How did your career in creating puzzles for NYTimes Games begin?
I grew up solving crosswords just like everyone else. I liked to do the NYT puzzle on my train commute to school. In 10th grade, I started to get interested in making crosswords and submitted a few to the Times. Will Shortz kindly rejected them (they were quite bad!), but sent along encouraging notes and I stuck with it. When I was a high school senior, I had my first puzzle published in the Times. I went on to intern with Will when I was in college, and eventually became his assistant.
Tell us about what inspired the Mini Crossword!
The year I started as Will’s assistant, I was fresh out of college. The New York Times had just launched its own Crosswords app – it was owned by a third party prior to 2014. They wanted something free, quick, and fun to include in the app since the Times crossword is famously quite hard. We brainstormed what a bite-sized crossword would look like, and Will recommended me to make it. In the beginning, I really didn’t think anyone was paying attention, so it was quite experimental. But I slowly found my audience and developed the tone, and the puzzle grew and grew.
What’s your favorite part about your New York community?
I love the variety of my New York community – it includes college friends, sports-watching buddies, puzzle people, and all manner of others. In many ways, the Mini is like my personal diary, so my New York friends often have a leg-up in solving the Mini after they’ve hung out with me!
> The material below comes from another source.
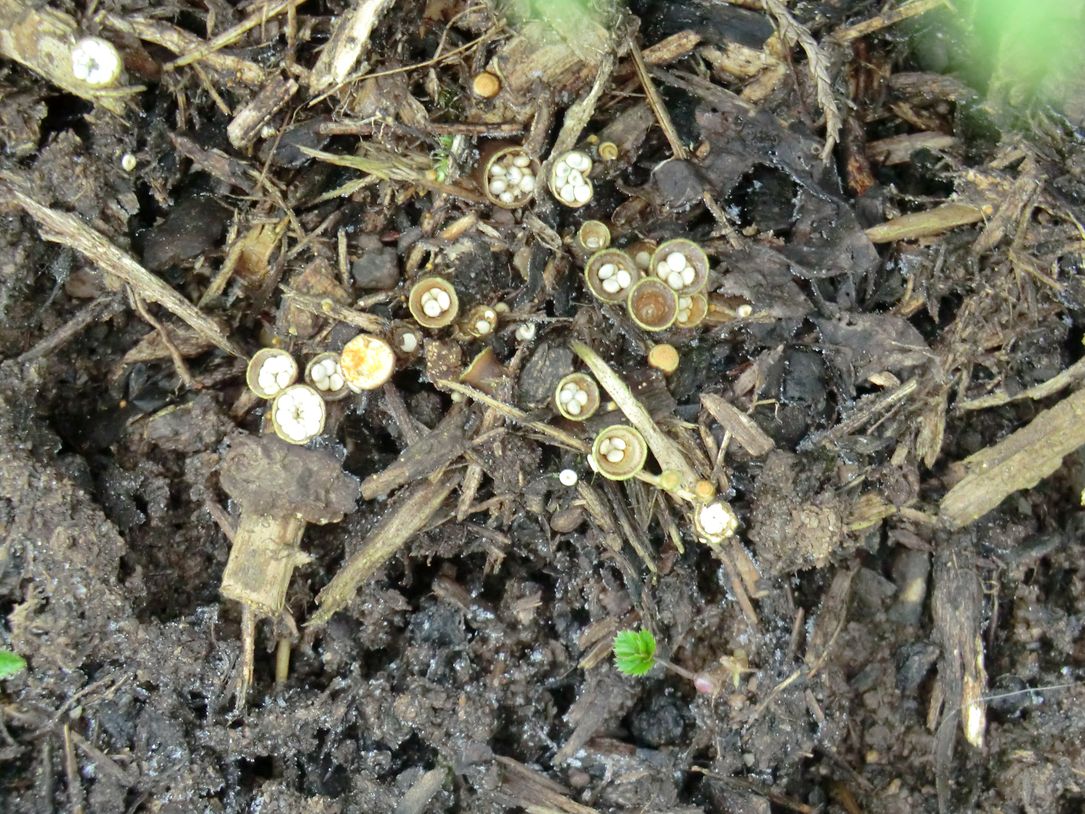 Auf dem Rückweg warf ich mal einen Blick über den Zaun meines Nachbar und sah diese auf Rindenmulch.

How do you decide what to include in each day's Mini Crossword?
I’m always on the lookout for “seed” answers – what we call the answer you build the puzzle around. Anytime a public figure makes news whose name is five letters or less (BILES, WALZ), I do a silent fist pump to myself. Otherwise, I keep a notebook of clue/answer pairings I’m hoping to use, whether that’s a stupid pun or an interesting trivia fact.
Do you have a favorite Mini Crossword you've created?
I’m fond of this puzzle I made for Earth Day in 2022, which used a picture overlay for the black squares of a redwood tree. This sort of graphic illustration weaved into the puzzle feels like the future of crosswords in the digital age.